Holomorphic functions: is it true that $f(\bar{z})=\overline {f(z)}$?

Is it true that $ f(\bar{z})=\overline {f(z)}$, Where z is complex?

I think it holds when $f(z)$ is holomorphic since we have $f(z)=p(x,y)+iq(x,y)=p(z,0)+iq(z,0)$ Any help...


Solution 1:

It is true if (and only if) $f$ is real-valued on the real axis.

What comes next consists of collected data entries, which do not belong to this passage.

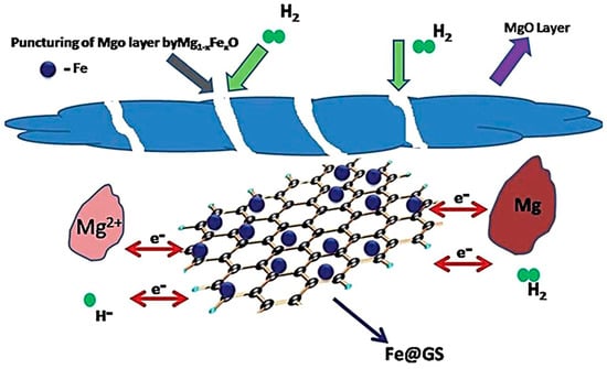 Bhatnagar et al. [] synthesized catalytic Fe3O4@GS composites using Fe3O4 nanoparticles and graphene sheets (GSs) and experimentally verified that such composites can improve the kinetics and thermodynamics of the performance of Mg-based hydrogen storage materials. Fe3O4@GS exhibited a superior catalytic effect during hydrogen desorption compared to GS or Fe3O4, with a lower onset hydrogen desorption temperature (262 °C) and desorption activation energy (90.53 kJ mol−1 H2), leading to an improvement in the hydrogen absorption rate and storage capacity. The enhancement of catalytic activity was mainly due to the synergistic effect of iron nanoparticles and GS. GS ensures a homogeneous dispersion of the Fe nanoparticles, preventing their agglomeration, increasing the effective surface area for catalysis, and improving the catalyst’s durability and stability. Furthermore, the variable valence of Fe enables GS to function as an intermediate carrier, accelerating charge transfer during the hydrogen absorption/desorption process (Figure 3).
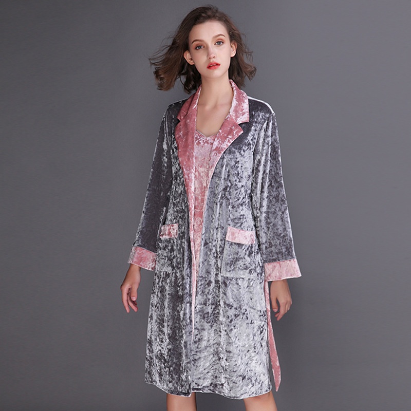Pajamas Women's Autumn And Winter Long-sleeved Gold Velvet Nightgown Two-piece Suit European And American Style Flannel Long Home Clothes
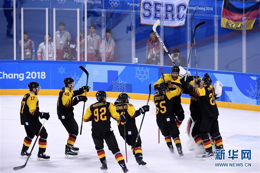 ↑2月21日,德国队球员在比赛结束后庆祝。当日,在关东冰球中心举行的2018年平昌冬奥会男子冰球四分之一决赛中,德国队以4比3战胜瑞典队,晋级四强。 新华社记者鞠焕宗摄
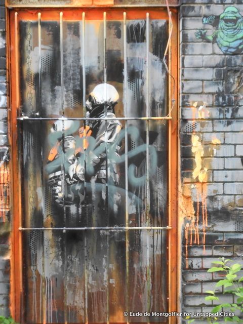 Between Wedding and Gesundbrunnen stations on the Ringbah (the Berliner inner loop line), an abandoned building full of graffiti is clearly visible from the train tracks. Despite the area’s abandonment, the site has become a haven for street artists featuring some remarkable pieces.
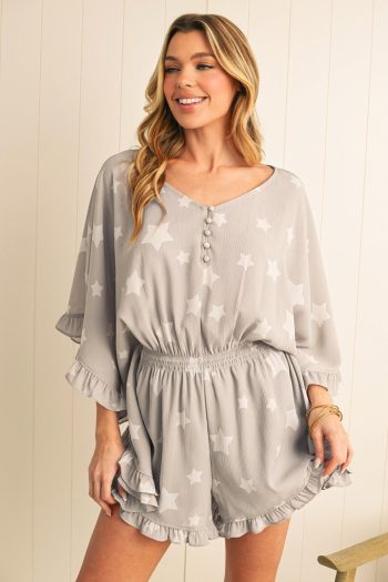 Rompers | Light Grey Waffle Knit Sleeveless Buttoned Front Drawstring Waist Romper – Women

For simplicity, assume that $f$ is holomorphic on the whole plane. Let $g(z) = \overline{f(\bar z)}$. It follows from Cauchy-Riemann's equations that $g$ is also holomorphic everywhere, see for example this question

Hence, if $f$ is real on the real axis, it follows that $f(z) = g(z)$ for $z \in \mathbb{R}$. By the identity principle, $f(z) = g(z)$ for all $z \in \mathbb{C}$, i.e. that $\overline{f(z)} = \overline{g(z)} = f(\bar z)$.

Solution 2:

Use that $f$ is locally a power series: $$f(z) = \sum_{n=0}^\infty a_n(z-c)^n,$$ $${f(\bar{z})} = \sum_{n=0}^\infty a_n(\bar{z}-c)^n,$$ $$\overline{f(z)} = \sum_{n=0}^\infty \bar{a_n}(\bar{z}-\bar{c})^n.$$ (Why $\overline{\sum\cdots} = \sum\overline\cdots$ ?)